Austin, Texas’ The Black Angels have been assembling a modern spin on psychedelic rock since 2004. By channeling a hybrid of Velvet Undergound psych pop, Black Sabbath proto metal and Blue Cheer’s heavy blues they have lead a charge to nurture a psych community by helping to found and curate Austin Psych Fest, a four day music and arts festival dedicated to all things psychedelic.
Their recorded efforts have demonstrated a commitment to an assertive, dense, and kaleidoscopic worldview. While Indigo Meadow stays firmly rooted in these stylistic conventions it also offers some nuanced texture. By downsizing to a four piece the band has granted greater influence to producer and live mixer John Cagelton, resulting in a vibrant, compelling album with fresh production clout.

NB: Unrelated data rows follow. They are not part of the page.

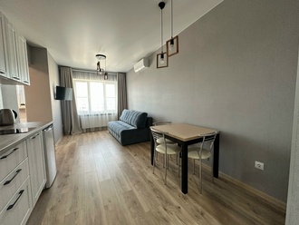 Развитая инфраструктура, школа, садик, магазин Магнит, другие магазины и кафе. До моря 20 минут.Благоустроенный подъезд, видеонаблюдение,два лифта.
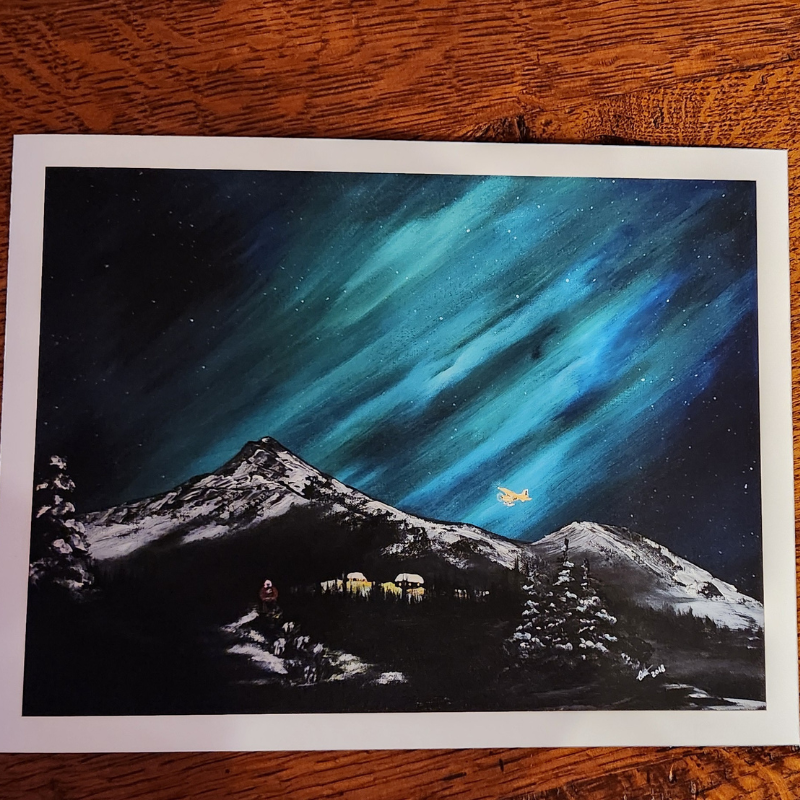 A lovely mix of vibrant colors dancing together! The artwork was featured on the 2018 Iditarod Air Force Fuel Card during the Iditarod in Alaska.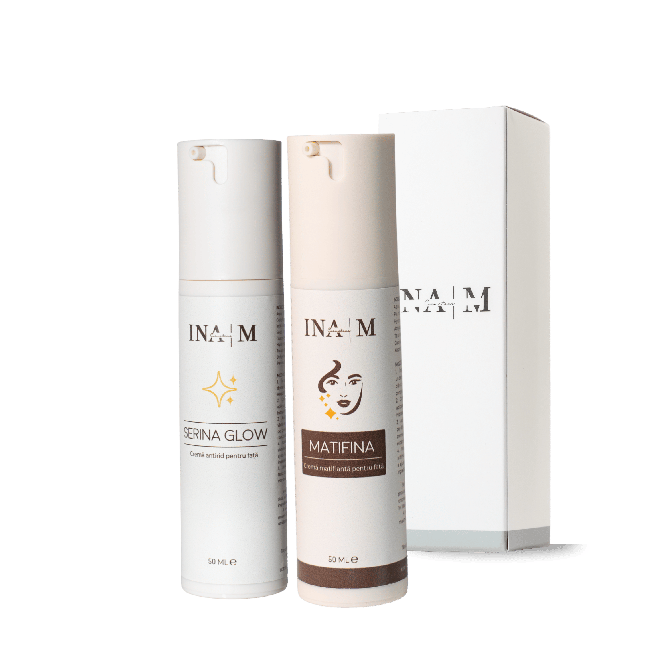 Pachet Promo Rejuvenare și Matifiere: Cremă antirid iluminatoare cu Acid Hiaulornic Dual SERINA GLOW + Cremă de zi matifiantă MATIFINA (COD-C8)

The title track plays as theme song, filled with swirling organ atmosphere and Alex Mass’ weighty incantation of “always indigo”. Menacing and heavy on “Evil Things”, instrumentation is wound tightly and playing direct. The Angels’ strength lays in their ability to remain compact in their power, offering less musical sprawl then many of their contemporaries. As a whole the album flaunts this ability to burn with torrential intensity yet maintain Velvet Underground pop sensibility. The substantial mass of Christian Bland’s dark, distorted power chords overlay crisp drumming from Stephanie Bailey and precise, linear bass work from Mass and Kyle Hunt. “Don’t Play with Guns” is fierce, fiery and ominous but “Holland” and “Twisted Light” shift the color palette, exuding thick shadows that lean and lurk with tight organ and guitar exploration. “You’re Mine”, “Love Me Forever” and “The Day” highlight a power blues and psych pop side.
The Angels excel most at quickly creating a heavy mood. With the brooding textures from Cagelton, Mass’ opaque and foreboding lyrics, and wickedly succinct instrumentation Indigo Meadow affirms and deepens a growing catalog of cavernous psych rock.